» WORK REQUIRED: Starting at the line that contains "ZESTAW MEBLI OGRODOWYCH", reproduce only the lines through the end of the data, exactly, including both the first and the last; skip the pictures.

» INFORMATION PROVIDED:
==*==
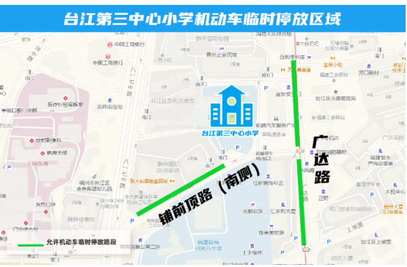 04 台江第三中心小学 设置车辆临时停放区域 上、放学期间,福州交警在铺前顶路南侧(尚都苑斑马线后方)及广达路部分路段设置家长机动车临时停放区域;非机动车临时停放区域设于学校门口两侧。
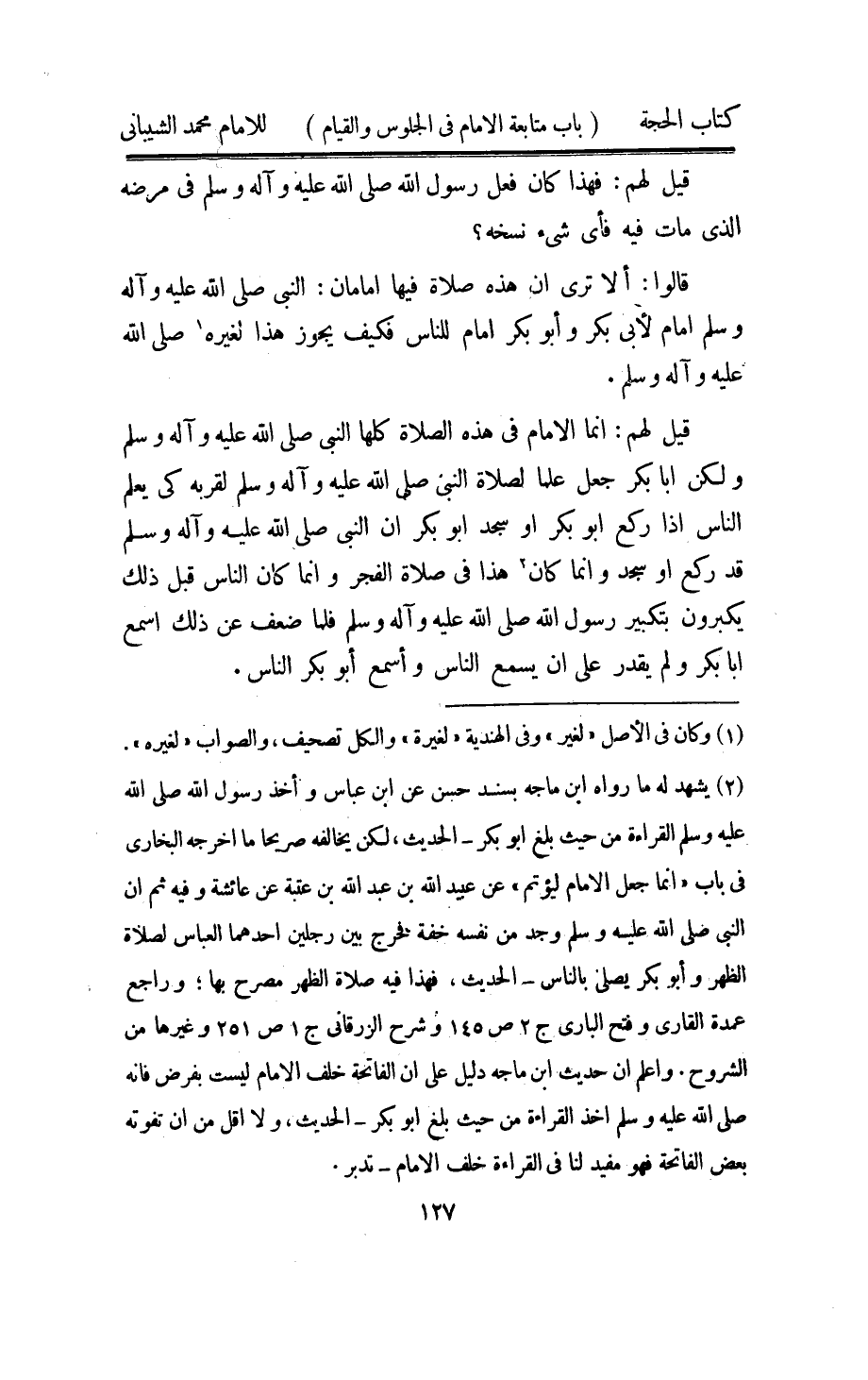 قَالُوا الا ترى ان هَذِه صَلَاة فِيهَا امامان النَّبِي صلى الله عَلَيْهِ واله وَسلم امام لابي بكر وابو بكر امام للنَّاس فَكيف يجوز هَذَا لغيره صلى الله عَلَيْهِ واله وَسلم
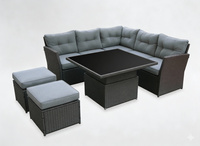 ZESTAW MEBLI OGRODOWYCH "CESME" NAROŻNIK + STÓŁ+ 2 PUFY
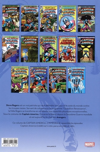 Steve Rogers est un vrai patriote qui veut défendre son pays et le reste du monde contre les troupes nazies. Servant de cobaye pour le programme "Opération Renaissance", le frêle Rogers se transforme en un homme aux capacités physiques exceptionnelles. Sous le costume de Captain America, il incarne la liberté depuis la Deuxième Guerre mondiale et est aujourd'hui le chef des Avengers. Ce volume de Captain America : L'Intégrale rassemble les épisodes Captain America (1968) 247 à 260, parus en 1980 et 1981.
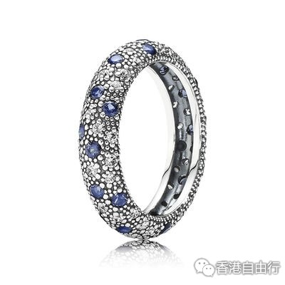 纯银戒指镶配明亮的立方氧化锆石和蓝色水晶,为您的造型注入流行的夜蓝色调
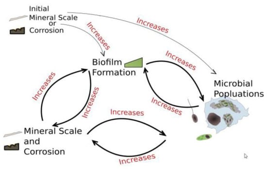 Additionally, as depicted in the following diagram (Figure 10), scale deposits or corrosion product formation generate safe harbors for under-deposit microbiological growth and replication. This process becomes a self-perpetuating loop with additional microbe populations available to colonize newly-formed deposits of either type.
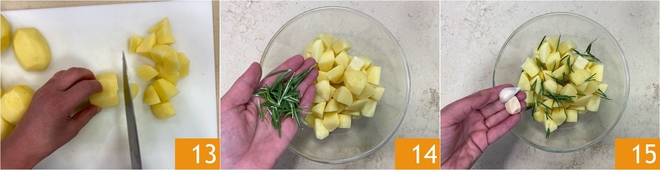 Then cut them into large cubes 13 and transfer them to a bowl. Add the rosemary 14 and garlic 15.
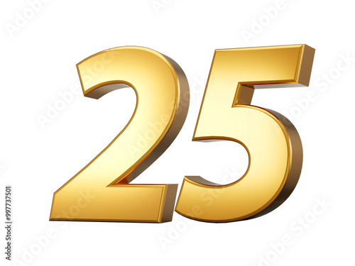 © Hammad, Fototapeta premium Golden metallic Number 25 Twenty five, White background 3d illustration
==*==
» WORKED SOLUTION:
 ZESTAW MEBLI OGRODOWYCH "CESME" NAROŻNIK + STÓŁ+ 2 PUFY
 Steve Rogers est un vrai patriote qui veut défendre son pays et le reste du monde contre les troupes nazies. Servant de cobaye pour le programme "Opération Renaissance", le frêle Rogers se transforme en un homme aux capacités physiques exceptionnelles. Sous le costume de Captain America, il incarne la liberté depuis la Deuxième Guerre mondiale et est aujourd'hui le chef des Avengers. Ce volume de Captain America : L'Intégrale rassemble les épisodes Captain America (1968) 247 à 260, parus en 1980 et 1981.
 纯银戒指镶配明亮的立方氧化锆石和蓝色水晶,为您的造型注入流行的夜蓝色调
 Additionally, as depicted in the following diagram (Figure 10), scale deposits or corrosion product formation generate safe harbors for under-deposit microbiological growth and replication. This process becomes a self-perpetuating loop with additional microbe populations available to colonize newly-formed deposits of either type.
 Then cut them into large cubes 13 and transfer them to a bowl. Add the rosemary 14 and garlic 15.
 © Hammad, Fototapeta premium Golden metallic Number 25 Twenty five, White background 3d illustration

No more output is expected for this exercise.